John Boyko (Contributor to The Globe and Mail) on how Canada is making the same mistakes in Yemen that it did in Vietnam: “Brock University assistant professor Simon Black has led protests against continuing our involvement in the Yemen war through continuing our arms sales to Saudi Arabia. “Most Canadians don’t realize that weapons manufactured here continue to fuel a war that has led to the deaths of hundreds of thousands of people,” he has said. He’s wrong. We know. We knew in the 1960s when we were profiting from the immoral war in Vietnam. And we know now.”
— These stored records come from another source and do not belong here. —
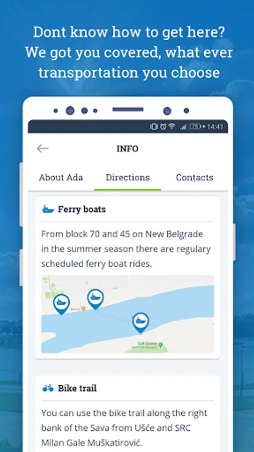 Ada Ciganlija is today the largest sports and recreational cultural and entertainment center in Belgrade, which offers over 50 sports fields (football, tennis, basketball, handball, baseball, rugby, golf, beach volleyball, cricket), water spots boating, kayaking, dragonboats, sailing boats, swimming, diving), adrenaline activities (bungee jumps, adventure park, pijnstol, aqua ski, ski tackle), wellness programs (holistic center, fitness and spa), entertainment programs and facilities for the youngest visitors (city on the water, pedal boats, rubber kayaks, SUP, skimboarding, science park, driving, children playgrounds, picnic area), recreational activities (trim park, trim trail, biking, roller skating, mini golf, yoga, Pilates, skating in the winter period).
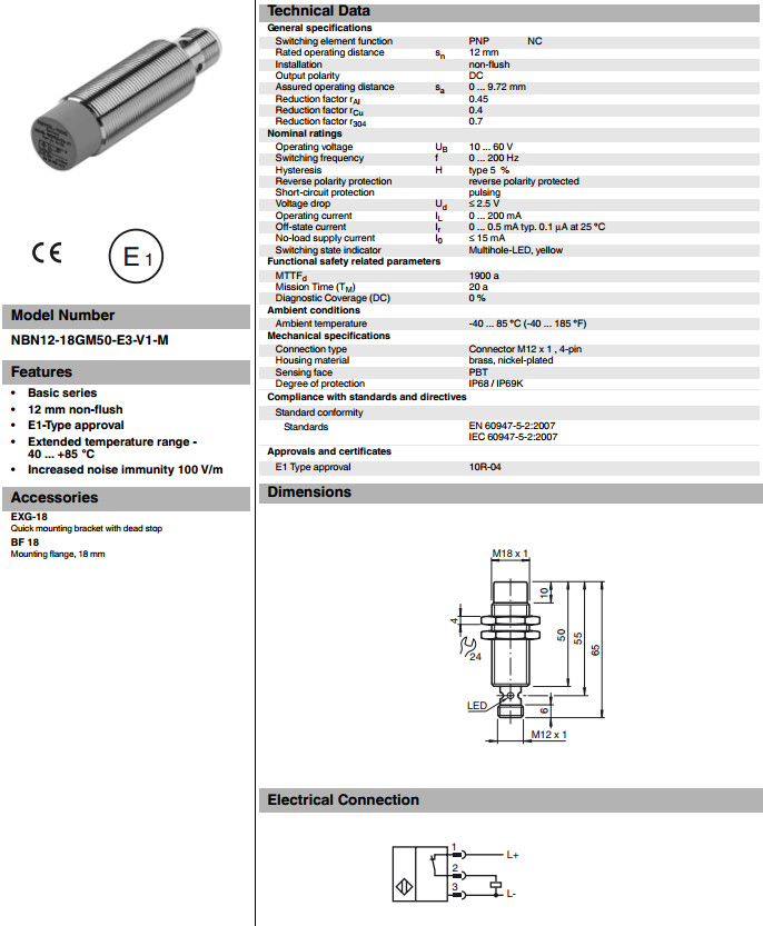 NBN12-18GM50-E3-V1-M电感式接近开关
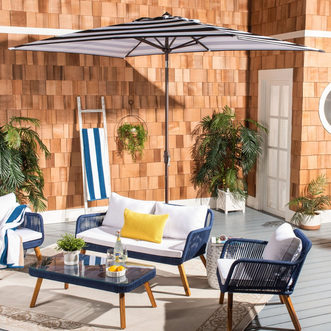 Turn your patio into a chic, art‑deco inspired lounge with this runway-ready market umbrella. Its bold black-and-white stripes and clean rectangular canopy bring a contemporary, high-fashion statement to outdoor living while providing durable sun protection and easy operation for everyday use.
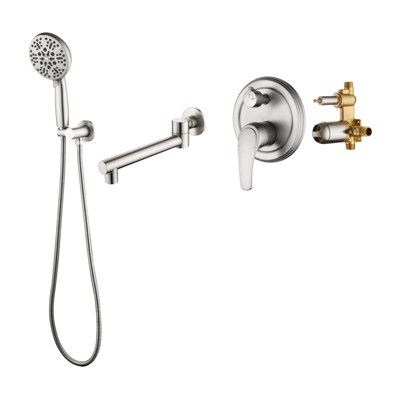 Cobbe with 7 Settings Handheld Shower Tub Spout and 59-Inch Hose Tub Shower Faucet Set Single Handle Wall Mounted Shower System Brushed Nickel
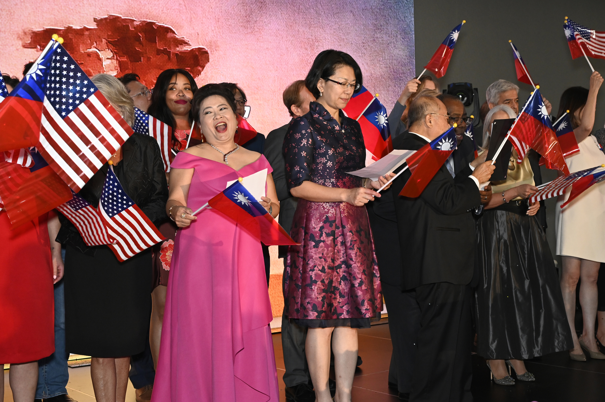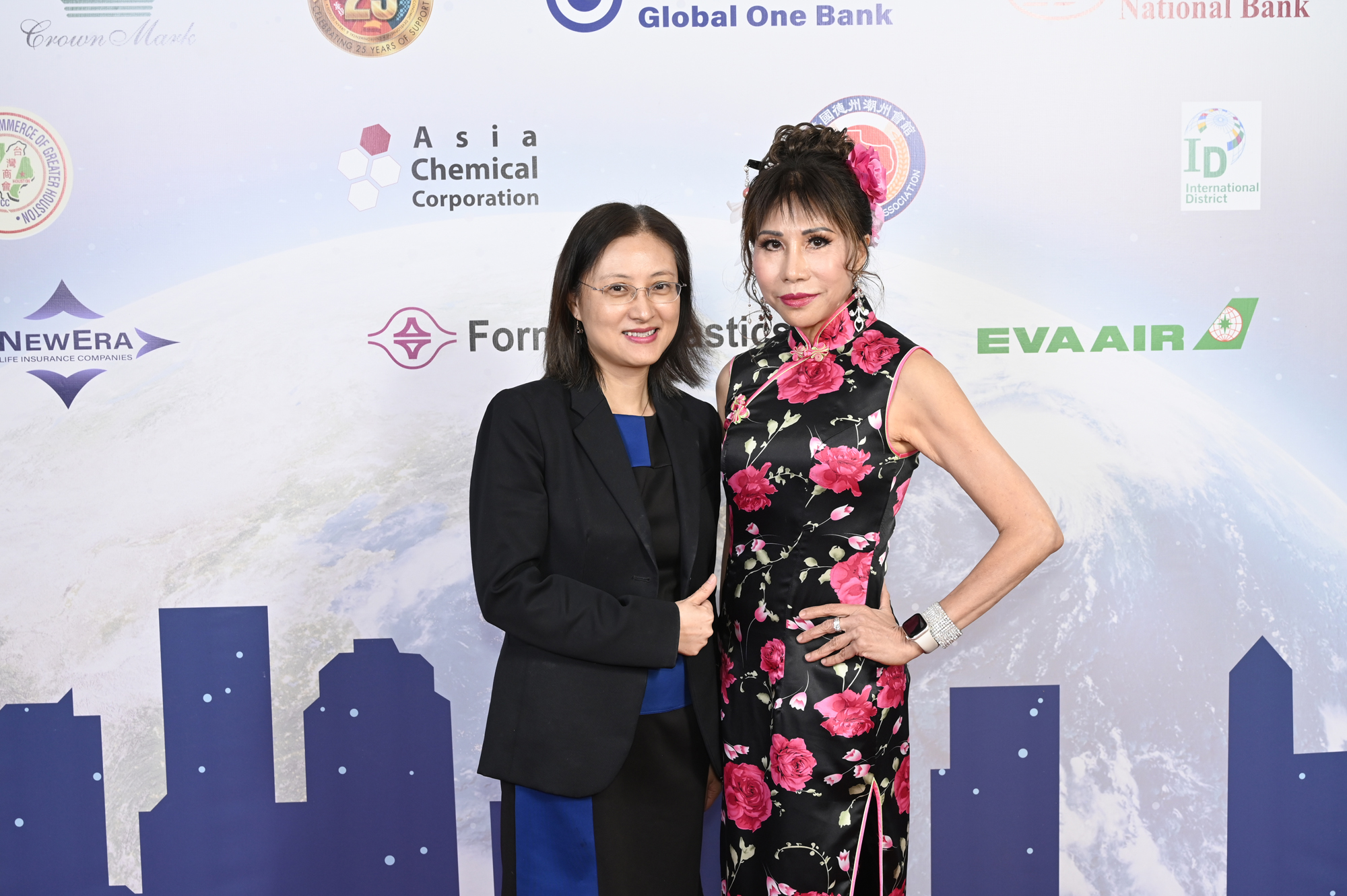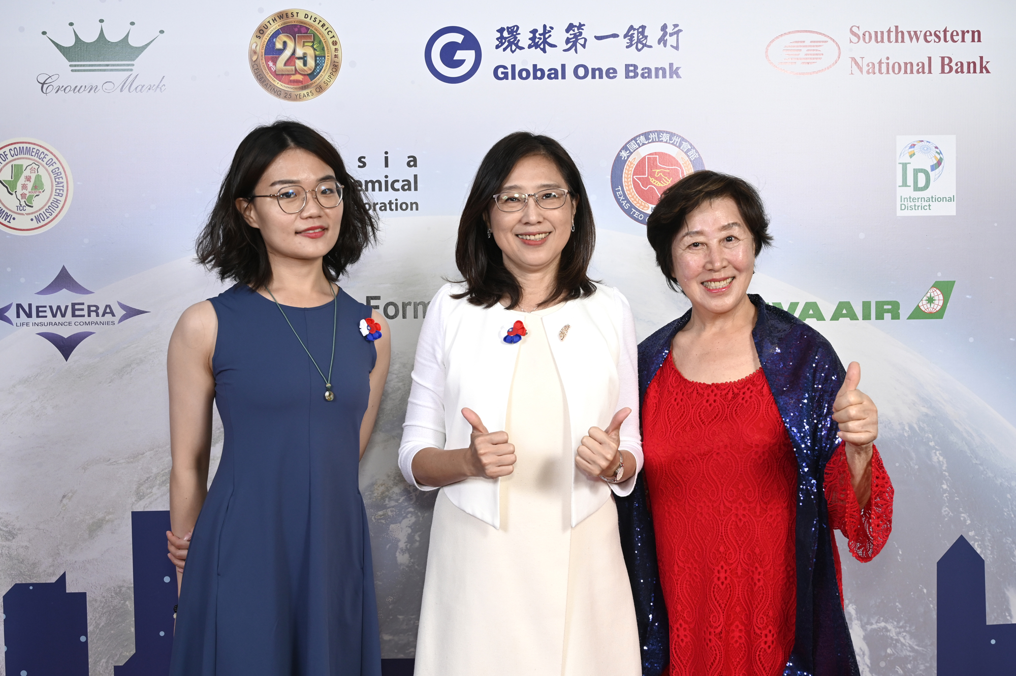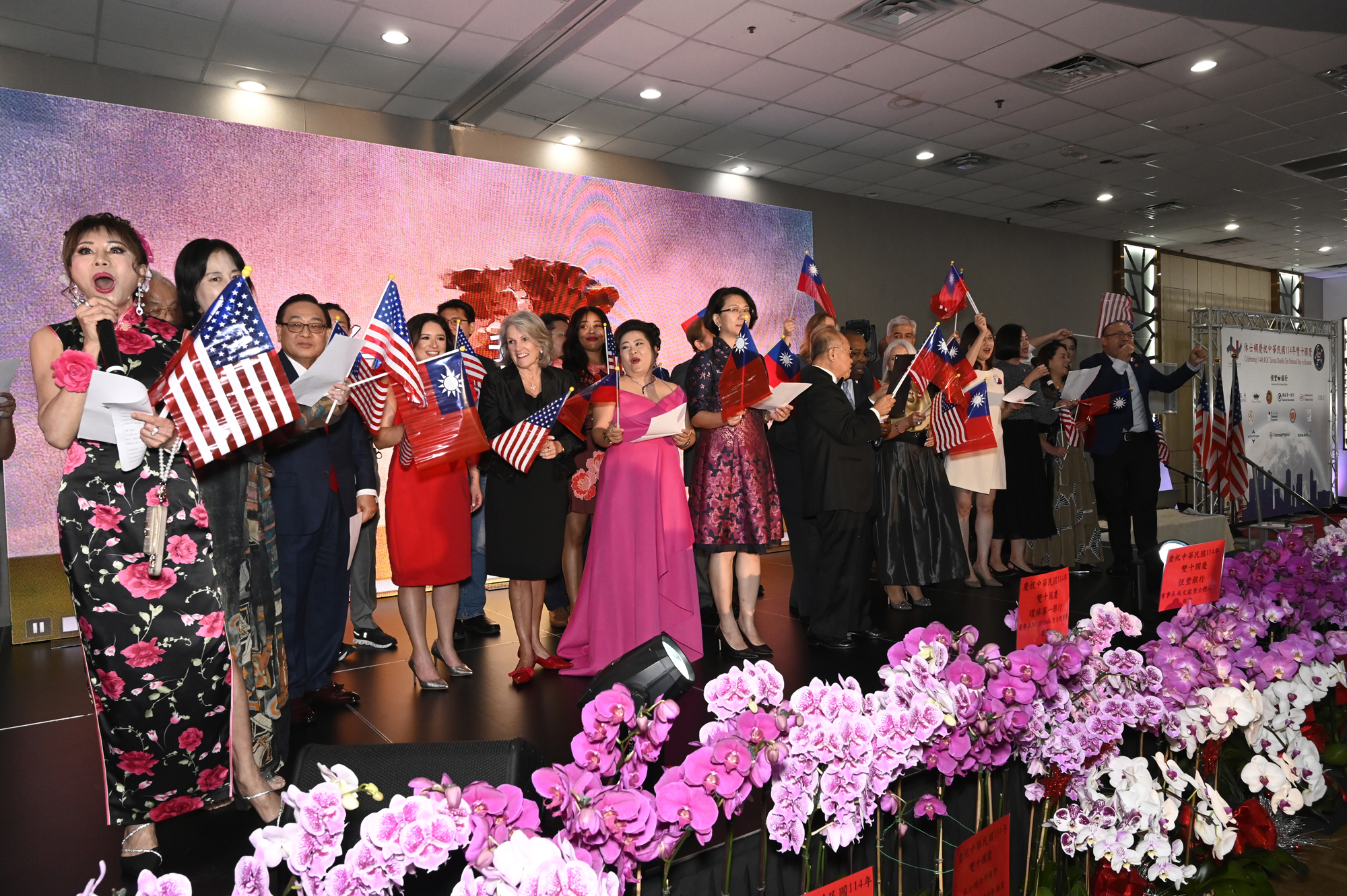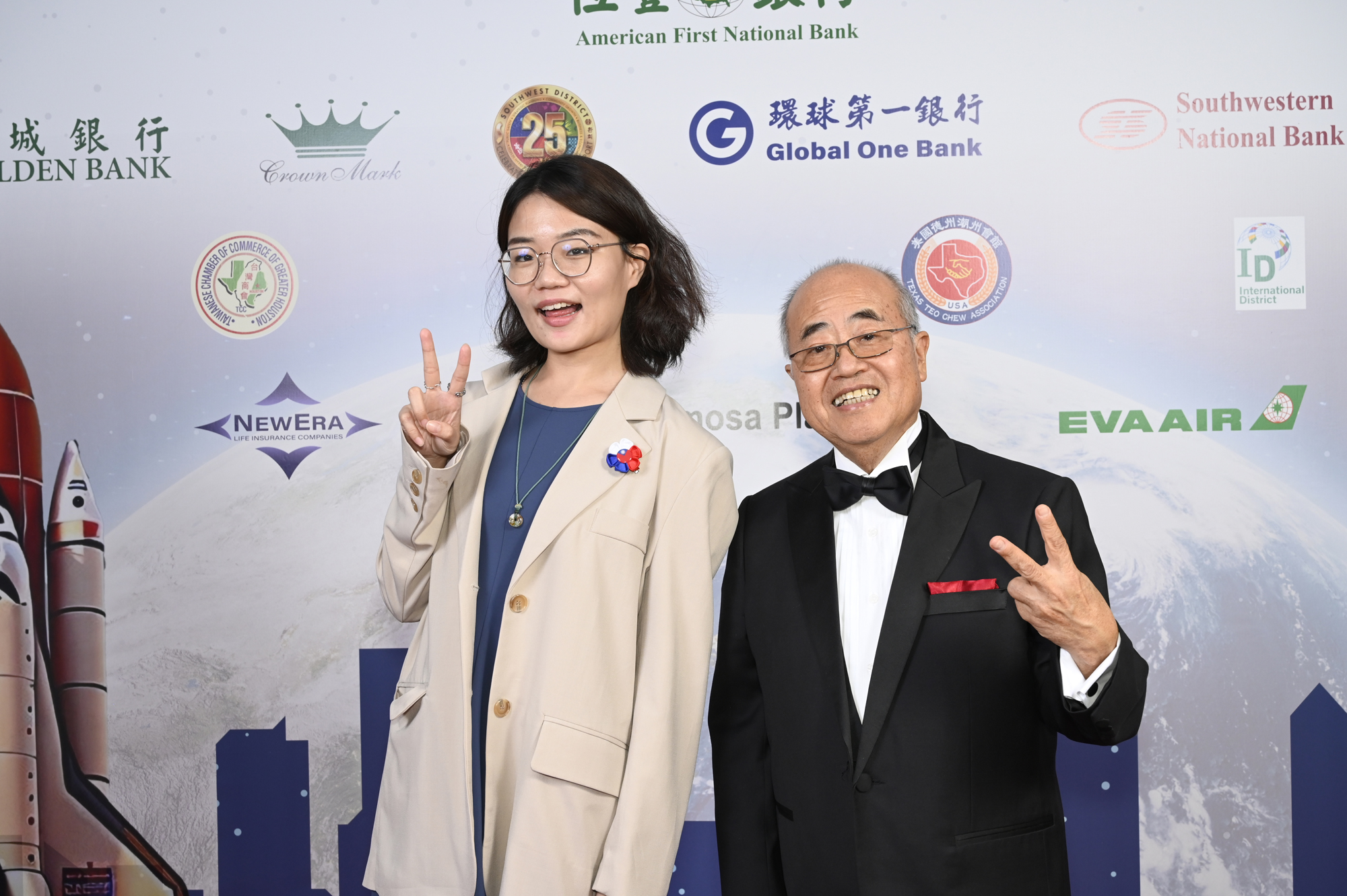 2025年國慶國慶晚宴上,蕭伊芳處長(左一)、林富桂律師(右一)陪同國慶籌備會李雄主任委員(左二)接受國會議員Al Green(右二)致贈賀狀。
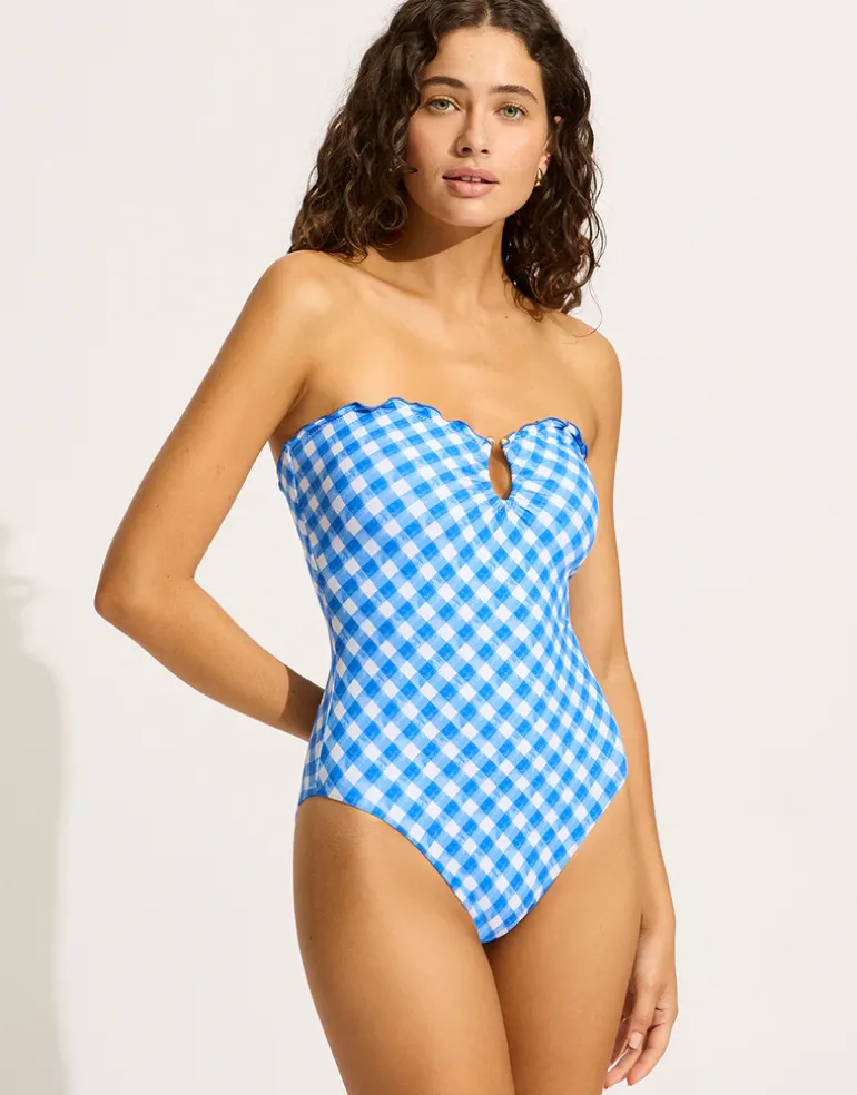 The Ciao Bella Bandeau swimsuit from Seafolly in timeless Azure gingham print is a high leg bandeau style swimsuit with decorative ring detail on the front and optional halter style neck tie. Removable cups, gripper tape and side boning offers plenty of support to this Sicilian inspired piece.
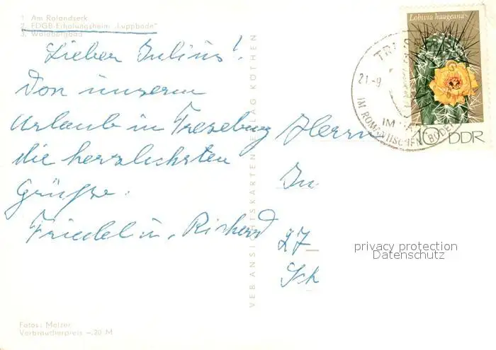 Altenbrak_Harz Rolandseck FDGB Erholungsheim Luppbode Waldbergbad Badestrand Altenbrak Harz postalisch gelaufen nach 1965 Erhaltung siehe scans [FriedD77] Frierer

Don Braid (The Calgary Herald) on a looming federal election that won’t shake Alberta’s Conservative landscape, but could come with some surprises: “NDP MP Heather McPherson already holds Edmonton Strathcona, the federal riding that includes provincial leader Rachel Notley’s own turf. McPherson is the only non-Conservative MP in the province. She could soon have company. An NDP breakthrough of even a few seats would be a genuine first in Alberta. And the Liberals would have themselves to blame.”